Если у безликой высшей силы, которую все по старинке именуют провидением, имеется какое-то человеческое качество, то это, без сомнения, чувство юмора. По иронии провидения драбкинский доклад на форуме посвящался социальной ответственности представителей крупного бизнеса перед «этими»; идея, в сущности, не новая – «разумный эгоизм»: если хочешь быть уверенным в завтрашнем дне, если хочешь, чтобы твои дети, внуки легитимно и бесстрашно пользовались плодами твоих трудов, будь любезен позаботиться об элементарной сытости «социальных низов». Мы, бизнес, – собирался он сказать, – вели себя по отношению к рабочей косточке чрезмерно и необоснованно высокомерно; мы требовали от них тех же качеств, которыми наделены мы сами, но предпринимательская оборотистость – это врожденный дар, а не такое качество, которое можно развить. Предприимчивость и трудолюбие – не одно и то же; глупо требовать от ста пятидесяти миллионов россиян поголовно научиться торговать на Форексе; кто-то должен, извините, и мусор убирать.
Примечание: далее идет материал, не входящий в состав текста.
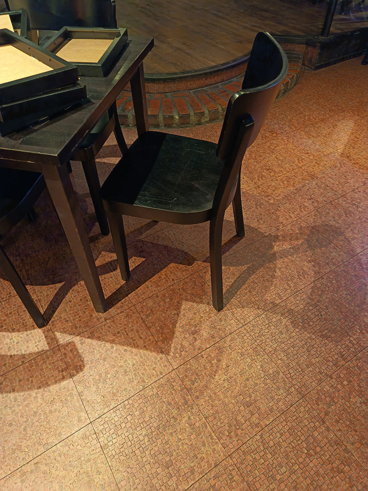 Kaikki kalusteet ovat olleet pitkään ravintolakäytössä.
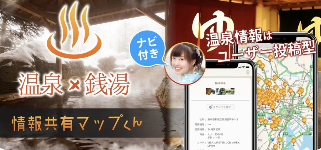 マップで温泉や銭湯を探してから、ホームページで営業時間や金額を確認するのは結構大変ですよね。入浴施設を探すなら、「銭湯/温泉/サウナ 口コミ情報共有マップくん」がおすすめ。

Если школьный учитель русского языка круглосуточно будет менять евро на йены, то он через полгода позабудет, чем Онегин отличается от Ленского, а Тургенев от Толстого – вроде оба с бородой. Нет, конечно, Драбкин против всякой уравниловки и распределиловки. Но на его предприятиях каяедый сотрудник – от главного инженера до простого рабочего – получает в зарплате четверть прибавочной стоимости; других зарплат в драбкинском «Базеле» попросту нет. И это не потому, что он такой добрый и щедрый – как раз напротив, потому что умный и жадный. Отдавая четверть, он этим покупает неприкасаемость своих активов, целого. Дальше Драбкин договаривался до того, что он лично не против введения прогрессивного налога на сверхприбыли: это будет жест доброй воли, который примирит верхи с низами. Не надо лживой толерантности, не надо популистских мер – давайте добьемся элементарного взаимоуважения. Да, станем чуть беднее, но в долгосрочной перспективе выиграем: каждый рубль, потраченный на медицину и образование рабочих, через десять лет принесет нам сотни долларов.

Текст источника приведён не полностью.